Here's how Rush Limbaugh mimics Hu Jintao's Chinese, with lots of S- and Z- and SH- and CHING CHONG sounds. (Embedded video from Colbert.) Limbaugh's now-infamous rendering of Chinese, introduced by "it sounds like all the same word," starts one minute in.
|The Colbert Report||Mon - Thurs 11:30pm / 10:30c|
|Rush Limbaugh Speaks Chinese|
My first impression while studying Chinese was exactly like Rush's -- that Chinese syllables all sound the same. Why did Rush Limbaugh get that impression, and why did I? It's possible that he and I took different paths toward that conclusion. Mine was based on linguistics, and here's a summary of the linguistic answer I wrote about in my book, Dreaming in Chinese:
Words in Chinese are drawn from an inventory of only about 400 syllables -- mostly short little consonant-vowel syllables like hu, ta, shi, ma, zhe, xi, hao, or those ending with an -N or -NG sound, like zhong or shan. Nearly all Chinese words are made from either one syllable, or two of these short syllables glued together. Compare this with English, which has about 4000 syllables to work with -- ten times as many -- and a great number of them very long and clumsy and very, very different from each other, like "stretched" or "glimpse" or "crabs". (Chinese does not have "consonant clusters" in its syllables, like the "gl" and "mps" of "glimpse.")
There are so many possible combinations in English that it's not a matter of cultural insensitivity, but of simple phonetics and phonology, to say that English words don't "sound the same." (For the classic rendering of how English sounds if you don't understand it, there is this famous Italian music video, "Prisencolinensinainciusol.") But with so very few simple syllables to work with in Chinese, it's no wonder that Chinese words seem to all sound the same to us! Even if you're trying harder than Rush Limbaugh may have been.

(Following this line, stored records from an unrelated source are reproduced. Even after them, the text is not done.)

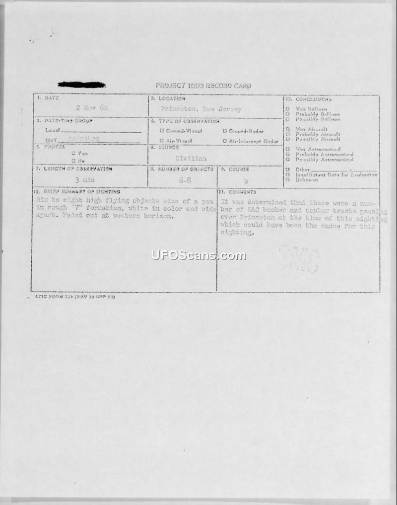 This document details a UFO sighting report filed under Project 10073, occurring on November 2, 1960, in Princeton, New Jersey. A civilian witness reported observing six to eight high-flying, white, pea-sized objects moving in a rough V-formation from East to West. The observation lasted approximately three minutes before the objects faded out at the western horizon. The witness, an employee of the Roebling Corporation, was deemed to be of good reliability. The investigation, conducted by Captain William S. Barnett of the New York Air Defense Sector, involved coordinating with the New York Air Movements Information Section to identify potential air traffic in the area. The investigation concluded that the sighting was likely caused by Strategic Air Command (SAC) bomber and tanker tracks. These aircraft were participating in a coordinated exercise between SAC and the Air Defense Command (ADC) known as 'Top Team,' which was active on November 2 and 3, 1960. The report notes that there was excellent correlation between the SAC flight paths and the reported sighting, leading the authorities to consider the case closed.
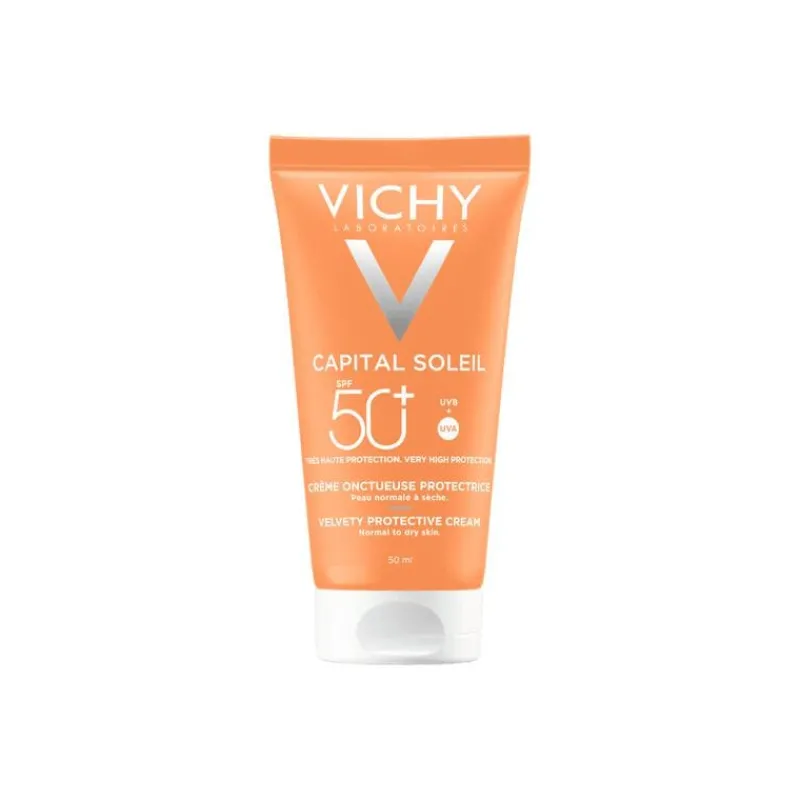 Vichy’s Capital Soleil SPF50+ Fluweelachtige Zonnecrème is een hydraterende verzorging voor het gelaat die de huid helpt te beschermen tegen de schadelijke effecten van de zon. De zonbescherming met een zijdezachte textuur is verrijkt met hyaluronzuur om uw huid te hydrateren. Verder bevat de formule een fotostabiele filtersysteem met een groot UV-A/UV-B-spectrum op basis van Mexoryl®, voor een langere UV-A bescherming (3/4 van UV) om uw huid een nog betere bescherming en meer voordelen te bieden.
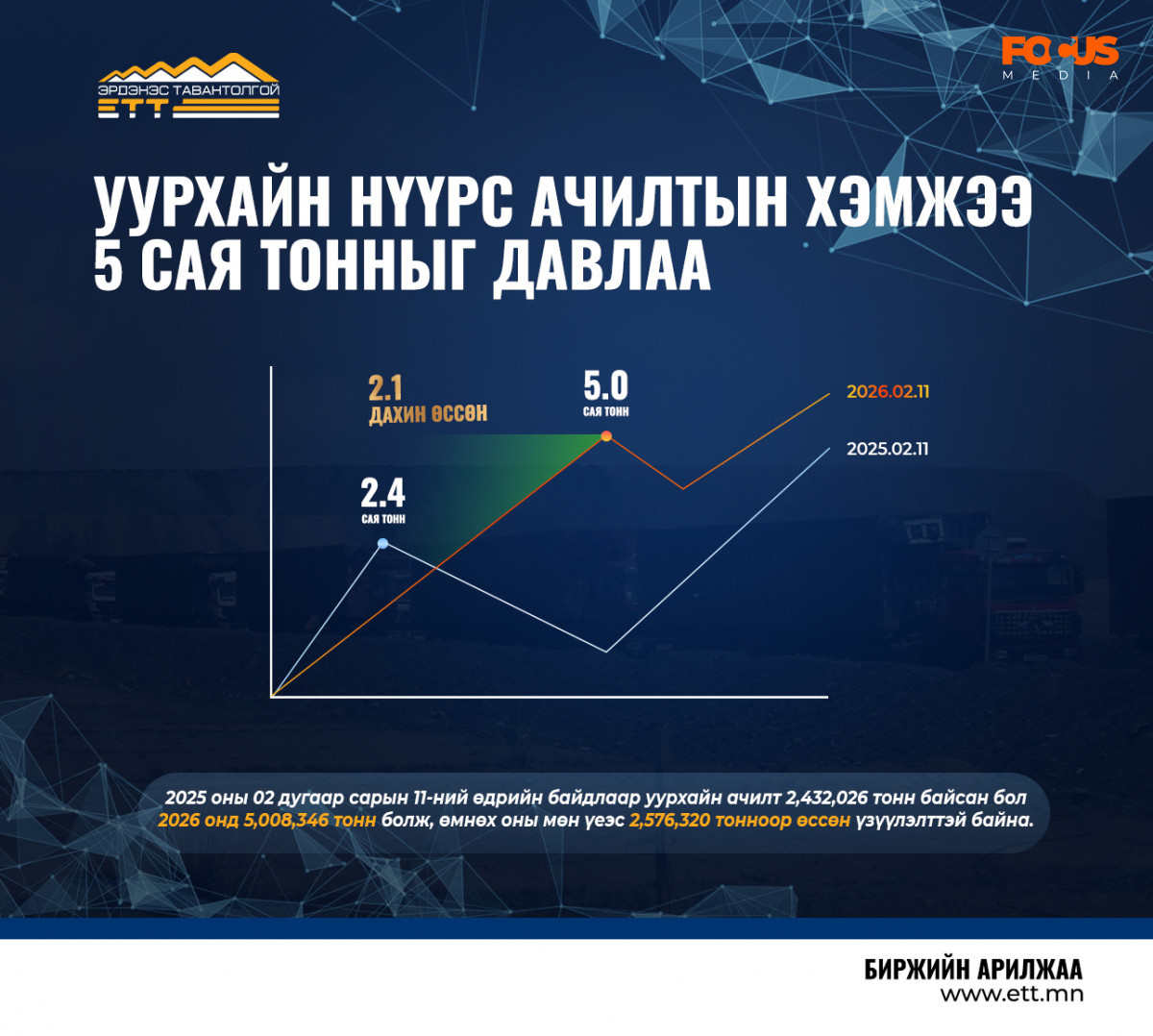 Тодруулбал 2025 оны 02 дугаар сарын 11-ний өдрийн байдлаар уурхайн ачилт 2,432,026 тонн байсан бол 2026 онд 5,008,346 тонн болж, өмнөх оны мөн үеэс 2,576,320 тонноор өссөн үзүүлэлттэй байна.
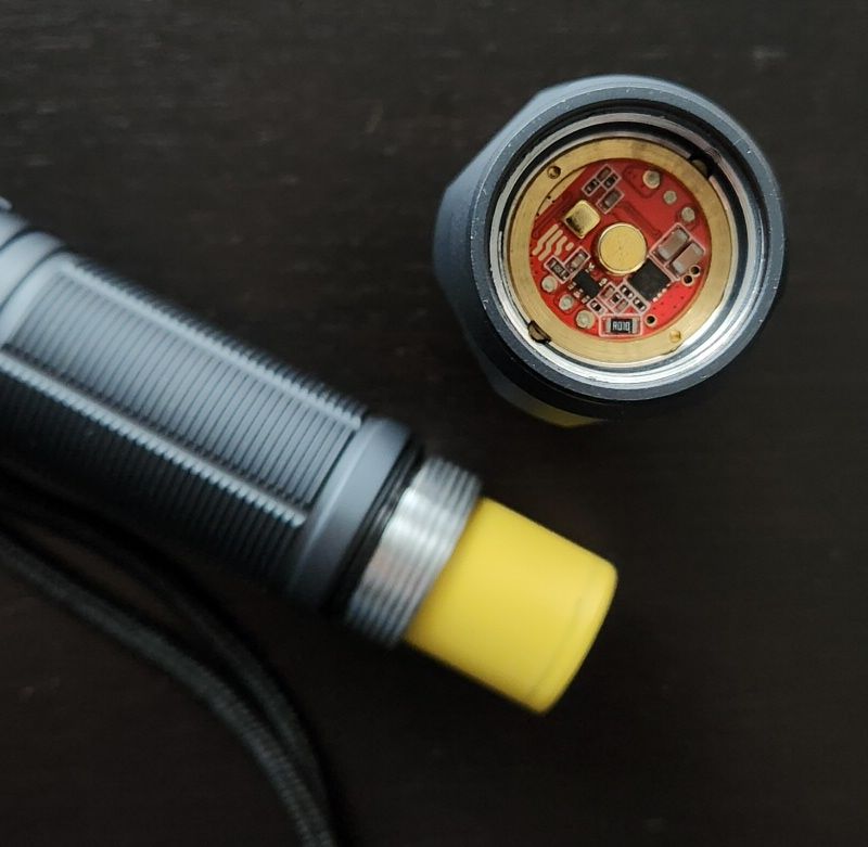 There is a small raised post on the positive contact terminal in the head, so flat top cells can easily be used. Tailcap is flat with a standard spring and retaining ring. Note that like my first S21E sample, the silver-coloured spring included here is fairly stiff, and resulted in some denting of the positive terminal of the battery. I know these springs were replaced with softer gold-coloured ones on later S21E editions.
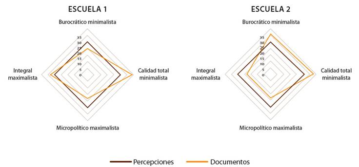 Coincidiendo con la escuela 1, los datos de la escuela 2 expresan la realización de prácticas guiadas por estándares impuestos: el conflicto como un elemento indeseable, una estructura organizacional con un poder vertical y una ciudadanía que no se vive. La media más baja de la escuela 2 pertenece al enfoque burocrático-minimalista, y el mayor valor de la media pertenece al enfoque de calidad total-minimalista. Diferencia que se puede interpretar como una transformación en la forma de gestionar la escuela; sin embargo, es una mantención de la formación ciudadana minimalista. Esto presenta un tránsito de formas de relacionarse desde lógicas empresariales rígidas hacia una convivencia más humana basada en estándares de conducta.

To compound the problem, the Chinese sound system leans heavily on the family of S and Z sounds; Chinese has lots of variations of the consonant sounds of s, z, sh, ch, zh, x, ts, and other similar ones. English is missing a lot of these particularly Chinese sounds, so they sound alien to us, and we have a hard time hearing the differences among them. English speakers think that Chinese has even fewer different sounds than the small number it actually has, because the differences between a lot of them are ones we just don't hear.
So -- and I didn't imagine myself saying this -- in this case, Rush Limbaugh is right. To our English ears Chinese words all "sound the same."